In The Man Who Mistook His Wife for a Hat, there’s a description of a man who lost the ability to visually recognize ordinary objects, though he could still see. The one description suggest that he just saw geometry.
Googling it looks like maybe he just had visual agnosia? Which doesn’t really entail what you’re saying. That would mean that he could see normally but just couldn’t recognize figures as objects with names and functions. Or are you saying the details of objects disappeared and all that was left were the basic geometric forms?
On problem with this as evidence of the possibility that geometric forms could exist only in the human mind is that it presumably only applies to a rather narrow class of geometric forms. It would be weird if the geometric forms we have innate access to had a different ontological status from forms that can’t be instantiated in the human mind: like a 1000-sided polygon or something in 4+ dimensions.

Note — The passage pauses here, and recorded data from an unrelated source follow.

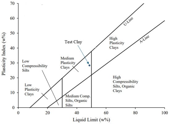 The presence of clay minerals in the soil contributes to its tendency to swell and shrink depending on moisture content. Plasticity refers to a physical characteristic of the interaction between clay and water. It can be quantified through various methods, including Atterberg limits, Pfefferkorn test, penetrometer, capillary rheometer, Brabender rheometer, and tension-deformation analysis []. The plastic behavior of soil is indicative of the presence and nature of clay minerals []. These plasticity characteristics significantly influence the geotechnical behavior of soils. According to Mitchell and Soga [], “the greater the plasticity, the greater is the shrinkage on drying (the lower the shrinkage limit).” Furthermore, they note that “the swelling and shrinking properties of the clay minerals follow the same pattern as their plasticity properties; that is, the more plastic the mineral, the more potential for swell and shrinkage.” Based on the Unified Soil Classification System (USCS, []), the soil was identified as a medium plasticity clay, as indicated in Figure 2 as “Test Clay.” To confirm the classification, the Liquid Limit test was repeated, as the initial value was near the threshold between medium and high plasticity. Since the average Liquid Limit remained close to 50%, the clay was classified as having medium plasticity.
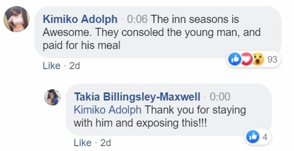 The Inn Season Café manager, Erin Frey came outside to defend Meyers as he spoke with the police as well.
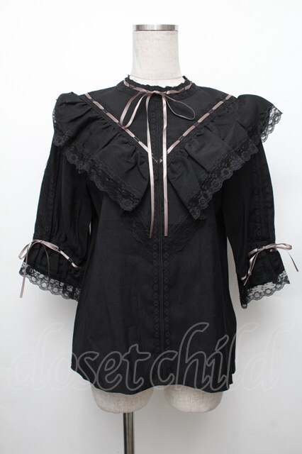 axes femme NOSTALGIE / 配色リボンはしごレースブラウス M 黒 S-26-01-28-015-AX-BL-TE-ZS
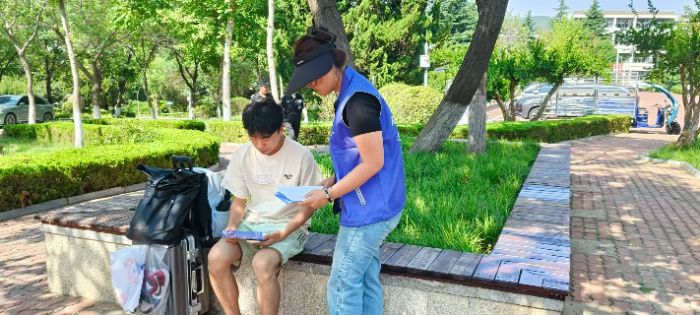 實踐隊于7月8日下午到達魯東大學,在校內圖書館、教學樓、餐廳等地開展調研活動。實踐隊成員向在校學生發放AI詐騙主題調查問卷,聚焦學生對 AI 技術的接觸頻率、自己及身邊人是否被AI詐騙過、對詐騙手段的認知程度等問題,收集同學們的情況反饋。實踐隊成員反復提醒同學們,不要盲目相信手機信息,要對電子信息保持警惕,高度警惕AI詐騙。

Platonism is appealing because it adheres to our norm of accepting the existence of things we make true statements about. “Silas is cool” implies the existence of Silas.

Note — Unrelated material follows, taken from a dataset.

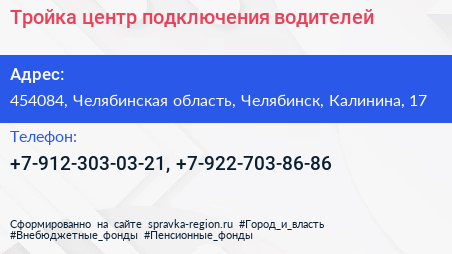 Тройка, центр подключения водителей по адресу 454084, Челябинская область, Челябинск, Калинина, 17 в дальнейшем Организация, размещена в следующих категориях:
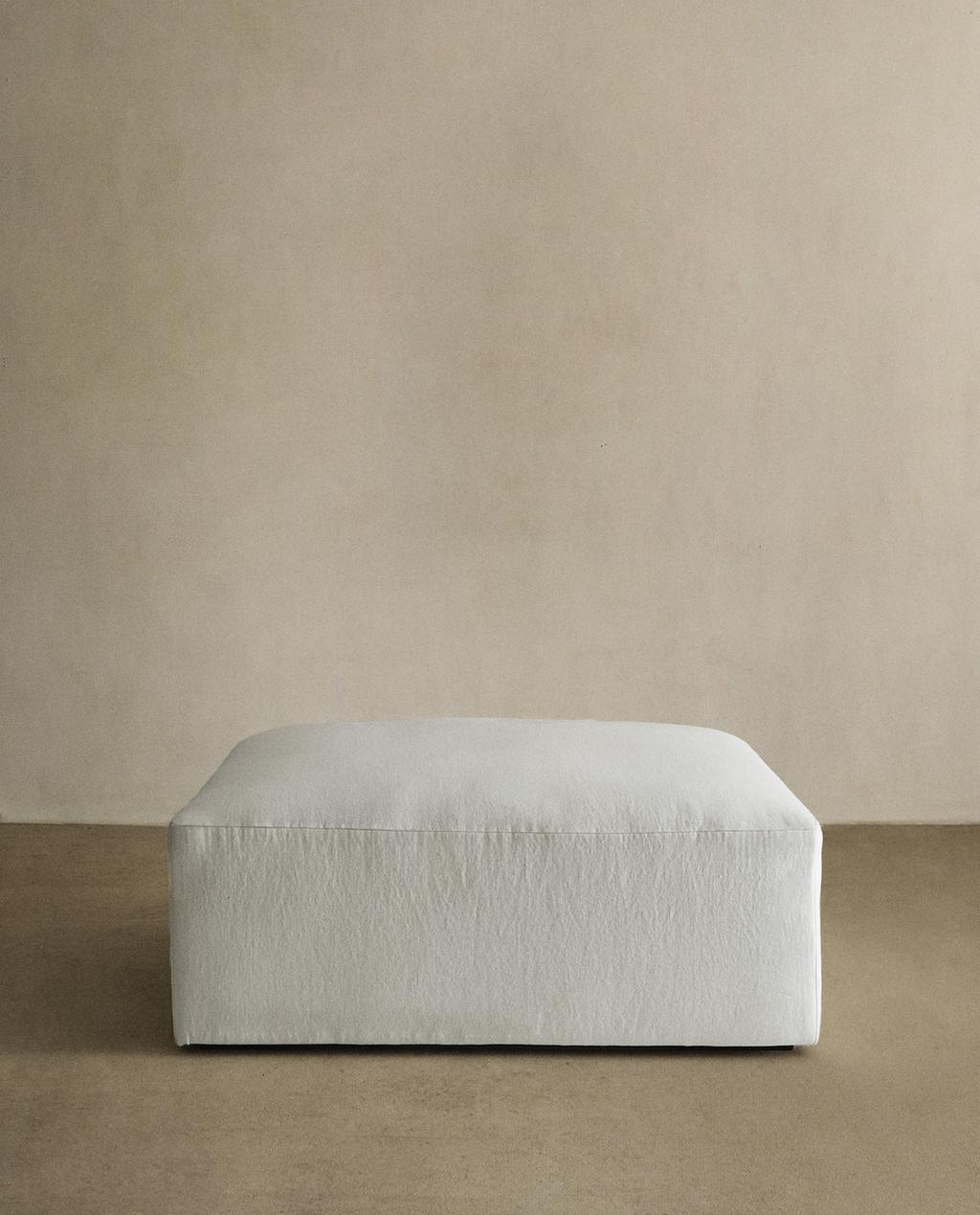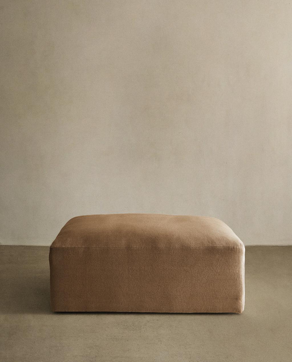 Pouf tapissé de tissu en lin délavé, élaboré avec une structure interne en bois recouverte de mousse et des pieds en bois de hêtre. Son design permet de l'utiliser à côté du canapé de la collection, comme une chaise longue.

To bring the comparison closer to the mark: It would also imply the existence of ‘cool’.
Heh. What I had in mind was Quine’s criterion for ontological commitment under which it wouldn’t. So Silas is cool is something like, where cool is the predicate letter C: ∃x(Cx ∩ x=”Silas”). We’re committed to the existence of the bound variables (to exist is to be the value of a bound variable) but not of the properties, there doesn’t have to be anything like coolness (assuming that was what you were suggesting).
There is an older argument that claims all words must refer to things and thus a word like “cool” must refer to coolness. But I wasn’t intending to make that argument (though I didn’t say nearly enough in my previous comment to expect everyone to figure that out).
We’re committed to the existence of the bound variables (to exist is to be the value of a bound variable) but not of the properties, there doesn’t have to be anything like coolness (assuming that was what you were suggesting).
My reading of Silas’s essay (and in particular looking at his diagrams) gave me impression that his ‘2’ is closer to what you would describe as a ‘property’ than the category in which you put ‘Silas’.
I was just starting from the observation that in our mathematical discourse we treat numbers like objects, not properties. “The number between 2 and 4”, “there is a prime number greater than one million”, “5 is odd” etc. all treat numbers as objects.
I would call those properties that had properties. But I’m a programmer, not a mathematician or philosopher (so don’t know which limitations I’m supposed to have placed around my thinking!)
By the way, I think ‘cool’ is kinda ‘lame’ but ‘awesomeness’ is kinda ‘cool’. Just sayin’.
Platonism is the view that there exist such things as abstract objects — where an abstract object is an object that does not exist in space or time and which is therefore entirely non-physical and non-mental.
Platonism is appealing because it adheres to our norm of accepting the existence of things we make true statements about. “Silas is cool” implies the existence of Silas. Similarly, “3 is prime” implies the existence of 3.
This, I claim, is where you should stop the chain. You’ve erred from the moment you think that that a true statement implies independent existence of its predicates, leaving out the possibility that the predicates exist only as part of models. (Or, equivalently, from treating the term “existence” as having the same meaning whether it refers to something in the map or the territory.)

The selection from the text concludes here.